Two inquiries are now being held into accusations based on leaked emails that UEA scientists manipulated and suppressed climate change data.

In a separate set-back for the scientists, the IPCC - whose researchers influence global government policy - admitted it had issued flawed information about the rate at which Himalayan glaciers were melting.

The new research involved drawing together evidence from more than 100 climate change studies, many of which were conducted since the last major IPCC report in 2007.

It showed that, on a global scale, predictions made about the effects of greenhouse gas emissions match actual trends seen over the past 50 years.

Since 1980, average global temperature has increased by about 0.5˚C. Currently, the Earth is getting warmer at the rate of around 0.16˚C per decade.

These trends are reflected in recent measurements from deep below the surface of the oceans. In all the large ocean basins - the Atlantic, Pacific and Indian - the same warming pattern is seen.

"Over 80 per cent of the heat trapped in the climate system, as related to greenhouse gases, is being exported into the oceans, and we can see that happening," said Dr Stott.

Warmer temperatures had led to more evaporation from the surface of the oceans, most noticeably in the sub-tropical Atlantic, he said. As a result, the sea was getting saltier.

Evaporation in turn affected humidity and rainfall. The atmosphere was getting more humid, as climate models had predicted, and amplifying the water cycle.

What this meant was that more rain was falling in high and low latitudes and less in topical and sub-tropical regions around the equator.

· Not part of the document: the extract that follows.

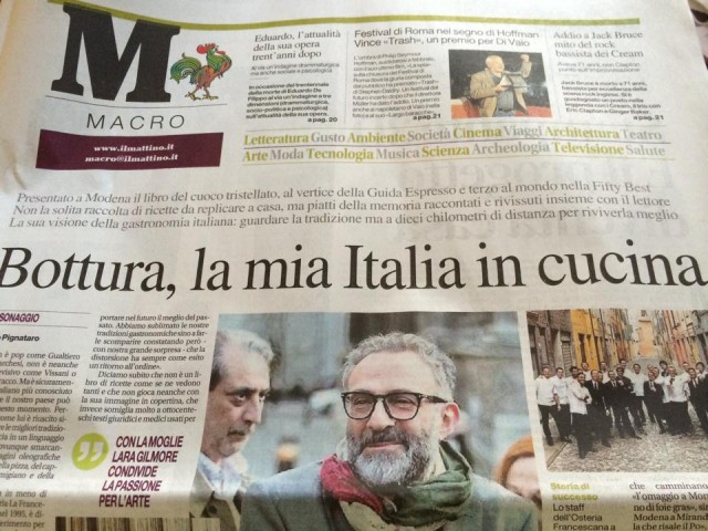 Vieni in Italia con me è il libro di Massimo Bottura da regalare a Natale 26/10/2014 2.6 MILA LETTURE Il libro di Massimo BotturaOggi sul Mattino una pagina dedicata al libro di Massimo Bottura e alla straordinaria avventura della Francescana di ModenaLibro di Massimo Bottura

"The whole of the water cycle is changing," said Dr Stott, speaking at the Science Media Centre in London. "Wetter regions are getting wetter and dry regions are getting drier."

The study found that natural forces such as volcanic eruptions and cyclical changes in the brightness of the Sun could not explain what was happening to the world's climate, he said. For example, solar heating would have warmed both upper and lower layers of the atmosphere, the stratosphere and troposphere. But what was seen was that the stratosphere had cooled while the troposphere had warmed.

Warming due to Sun would also have caused temperatures to increase more rapidly early than late in the 20th century - the reverse of what actually occurred.

Asked if the new research would help to silence the doubters who question man-made climate change, Dr Stott said: "I just hope people will make up their minds informed by the scientific evidence."

He added: "The science reveals a consistent picture of global change that clearly bears the fingerprint of man-made greenhouse gas emissions.

"This shows the evidence of climate change has gone beyond temperature increases - it is now visible across our climate system and all regions of the planet. Our climate is changing now and it's very likely human activity is to blame."

Summer minimum levels of Arctic sea-ice were declining at a rate of 600,000 square kilometres per decade, an area about the size of Madagascar, studies showed.

In the Antarctic there had been a small increase in sea ice extent since satellite records began in 1978. This was consistent with the combined effects of greenhouse gas increases and reductions in the ozone layer.

Over the past 100 years, global temperatures had increased by about 0.75˚C, said the scientists. The last 10 years had been the warmest on record, with human influence detected on every continent.